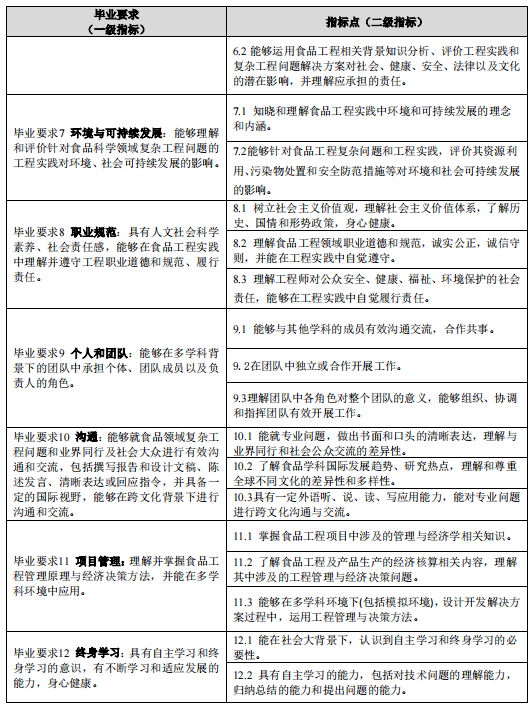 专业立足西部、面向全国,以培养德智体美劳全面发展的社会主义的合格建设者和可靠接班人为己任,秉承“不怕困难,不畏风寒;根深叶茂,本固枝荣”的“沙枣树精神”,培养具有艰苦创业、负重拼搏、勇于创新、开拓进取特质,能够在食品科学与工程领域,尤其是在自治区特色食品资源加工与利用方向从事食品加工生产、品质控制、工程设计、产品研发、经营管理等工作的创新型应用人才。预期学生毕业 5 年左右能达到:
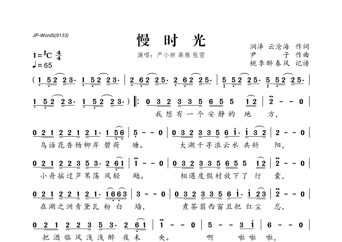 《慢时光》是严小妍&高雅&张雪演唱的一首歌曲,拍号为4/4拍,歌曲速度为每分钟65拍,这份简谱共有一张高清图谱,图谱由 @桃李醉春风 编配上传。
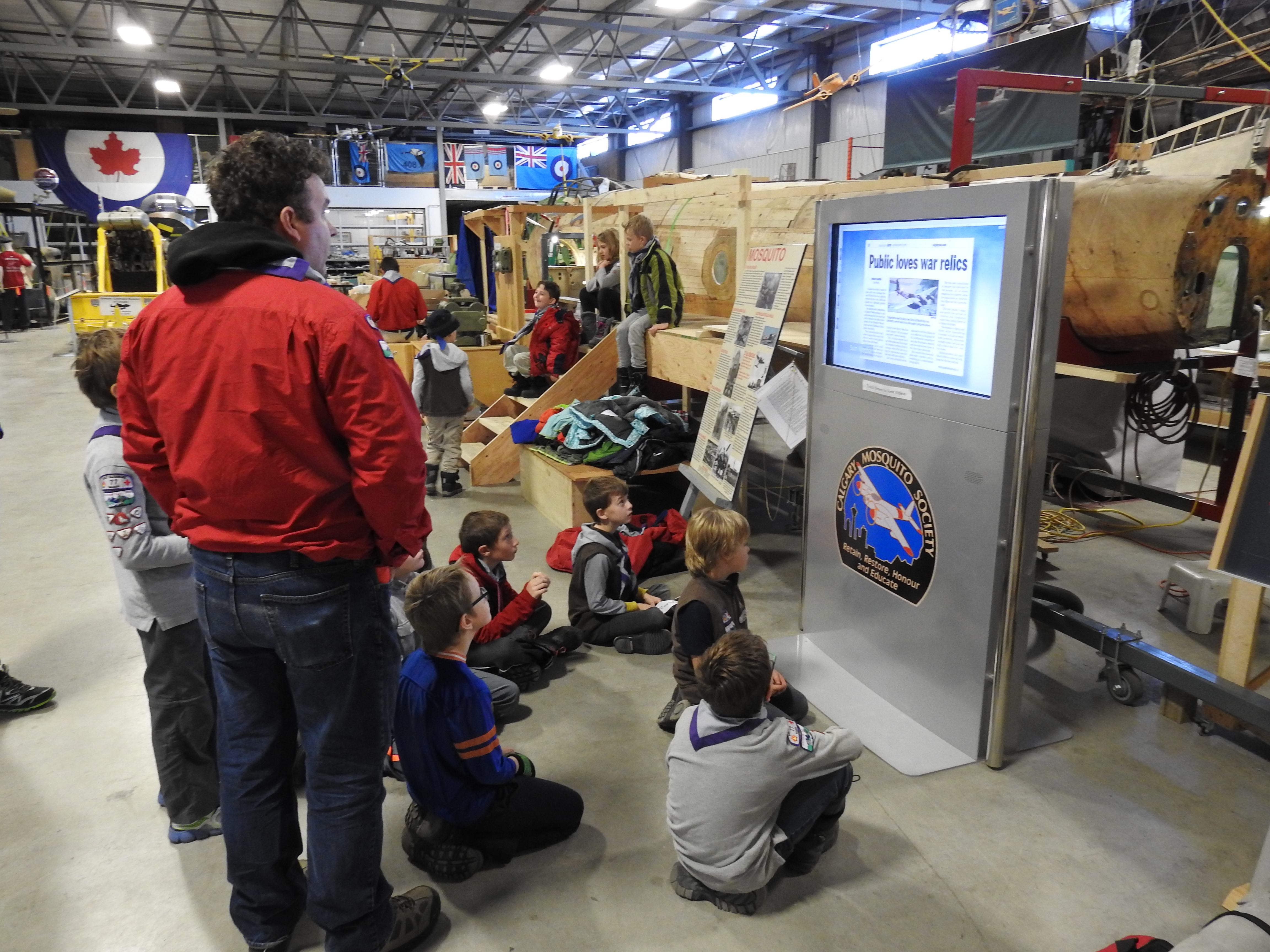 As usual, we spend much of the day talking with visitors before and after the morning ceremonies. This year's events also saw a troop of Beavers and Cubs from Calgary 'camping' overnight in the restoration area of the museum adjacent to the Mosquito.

________________

## [EXERCISE GOAL]
In the reply, every line of the material above is to be reproduced verbatim, and the images are to be left out.

## [EXERCISE RESPONSE]
 专业立足西部、面向全国,以培养德智体美劳全面发展的社会主义的合格建设者和可靠接班人为己任,秉承“不怕困难,不畏风寒;根深叶茂,本固枝荣”的“沙枣树精神”,培养具有艰苦创业、负重拼搏、勇于创新、开拓进取特质,能够在食品科学与工程领域,尤其是在自治区特色食品资源加工与利用方向从事食品加工生产、品质控制、工程设计、产品研发、经营管理等工作的创新型应用人才。预期学生毕业 5 年左右能达到:
 《慢时光》是严小妍&高雅&张雪演唱的一首歌曲,拍号为4/4拍,歌曲速度为每分钟65拍,这份简谱共有一张高清图谱,图谱由 @桃李醉春风 编配上传。
 As usual, we spend much of the day talking with visitors before and after the morning ceremonies. This year's events also saw a troop of Beavers and Cubs from Calgary 'camping' overnight in the restoration area of the museum adjacent to the Mosquito.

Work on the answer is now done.